## Recorded information
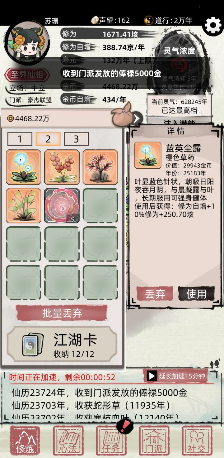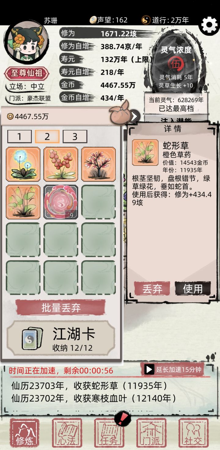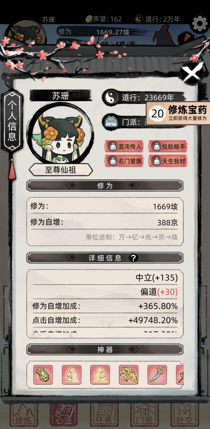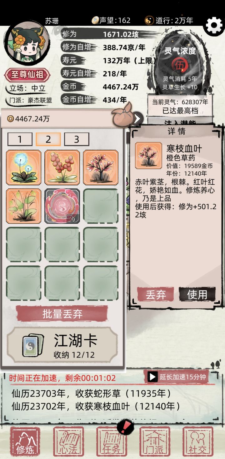 修仙世界 金钱开道!此攻略主要面向老手,各种小技巧让你熟悉游戏后更快修仙转世到九重天。先上毕业照1、开局到加入第一个宗门,推荐正道宗门,正道功法有金钱,寿元加成。2、正道功法篇:接奖励箱子的正道立场任务,领奖时包里不能有同样的箱子,保证你领取的箱子是包里第一个。后面只要包里箱子的一直最少保留有1个,不管你从任务 商店 宗门 得到的中立邪派箱子都只会开出正道功法。(如下图我接个奖励初级宝箱
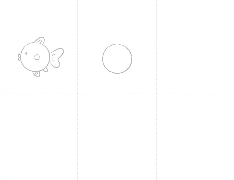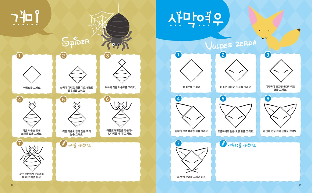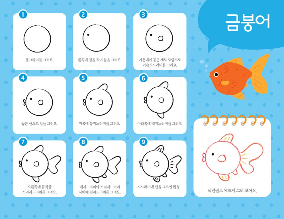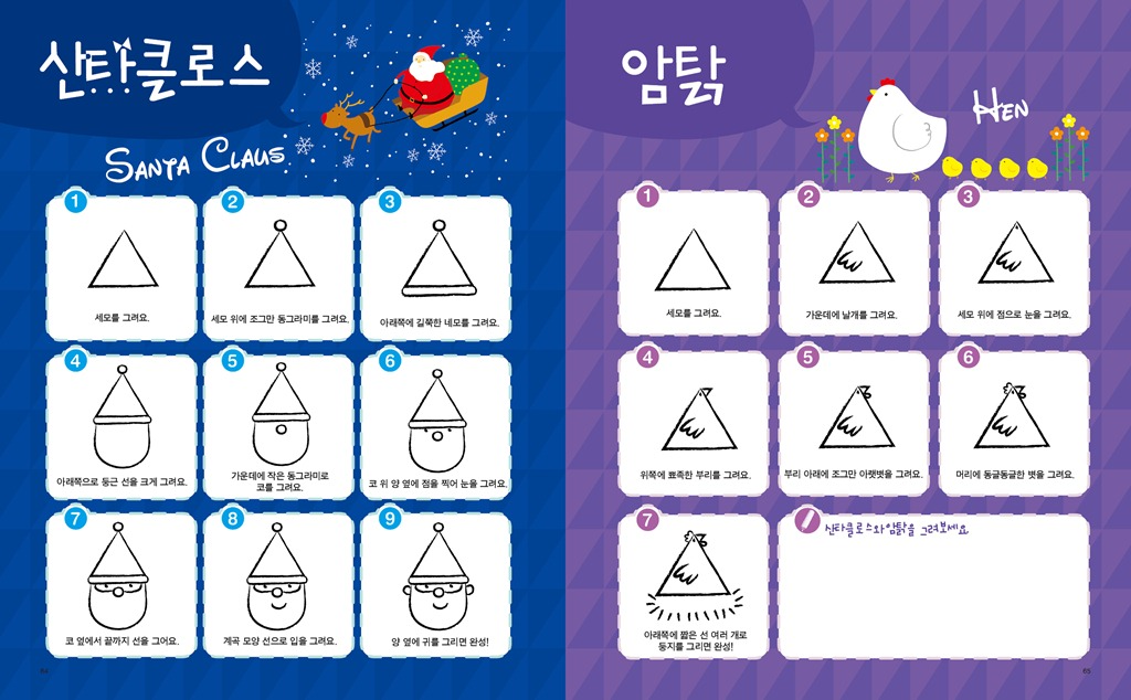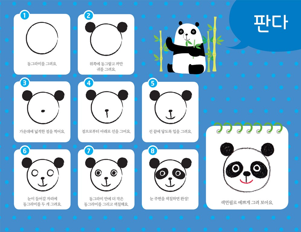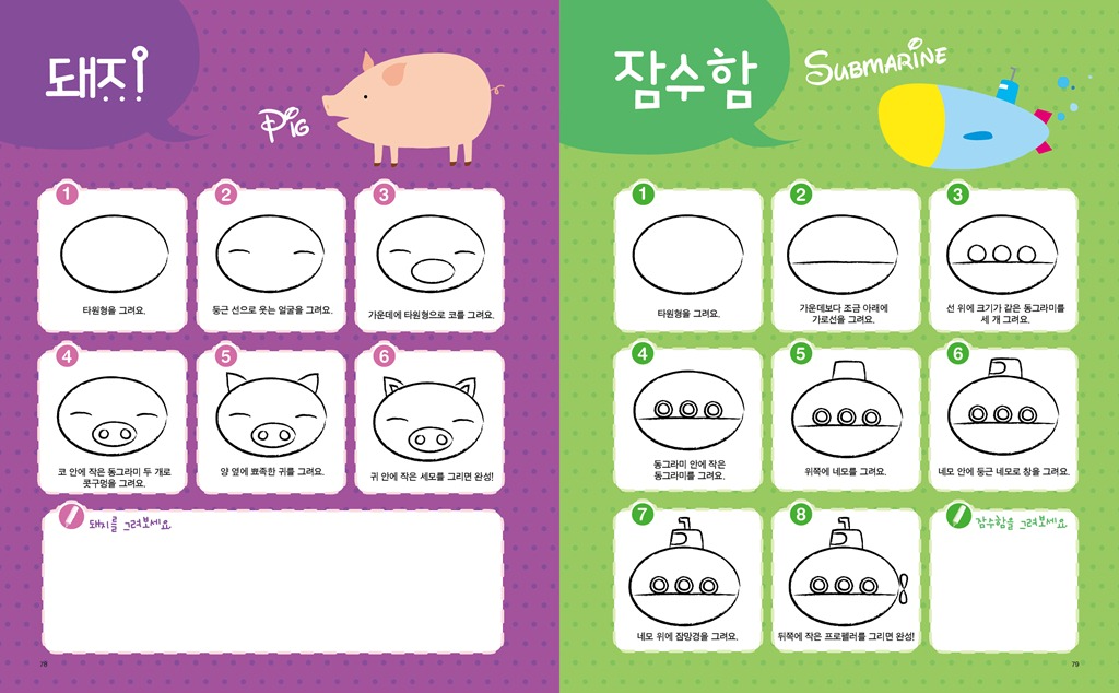 동그라미, 반원, 물방울 모양, 사다리꼴, X자 모양으로 부엉이, 원숭이, 코알라 등의 동물에서부터 해바라기, 탱크, 풍차, 화분 등의 다양한 사물까지 쉽게 그릴 수 있습니다. 정말 신기하게도 원을 그리고 선을 긋고 점을 찍는 것만으로 예쁜 그림이 완성되지요. 아이는 자신의 손에서 그려진 예쁜 그림을 보고 자신감을 가지게 되며 더는 그림을 두려워하지 않게 됩니다.
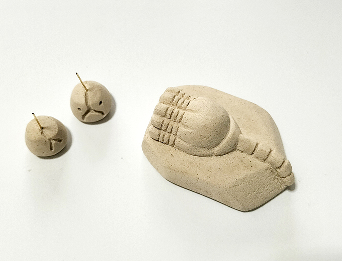 百均の木の粘土を使い、乾いてから紙やすりとクラフトナイフで仕上げました。

## Exercise brief
The required output is each line above restated verbatim, with all images omitted.

## Answer box
 修仙世界 金钱开道!此攻略主要面向老手,各种小技巧让你熟悉游戏后更快修仙转世到九重天。先上毕业照1、开局到加入第一个宗门,推荐正道宗门,正道功法有金钱,寿元加成。2、正道功法篇:接奖励箱子的正道立场任务,领奖时包里不能有同样的箱子,保证你领取的箱子是包里第一个。后面只要包里箱子的一直最少保留有1个,不管你从任务 商店 宗门 得到的中立邪派箱子都只会开出正道功法。(如下图我接个奖励初级宝箱
 동그라미, 반원, 물방울 모양, 사다리꼴, X자 모양으로 부엉이, 원숭이, 코알라 등의 동물에서부터 해바라기, 탱크, 풍차, 화분 등의 다양한 사물까지 쉽게 그릴 수 있습니다. 정말 신기하게도 원을 그리고 선을 긋고 점을 찍는 것만으로 예쁜 그림이 완성되지요. 아이는 자신의 손에서 그려진 예쁜 그림을 보고 자신감을 가지게 되며 더는 그림을 두려워하지 않게 됩니다.
 百均の木の粘土を使い、乾いてから紙やすりとクラフトナイフで仕上げました。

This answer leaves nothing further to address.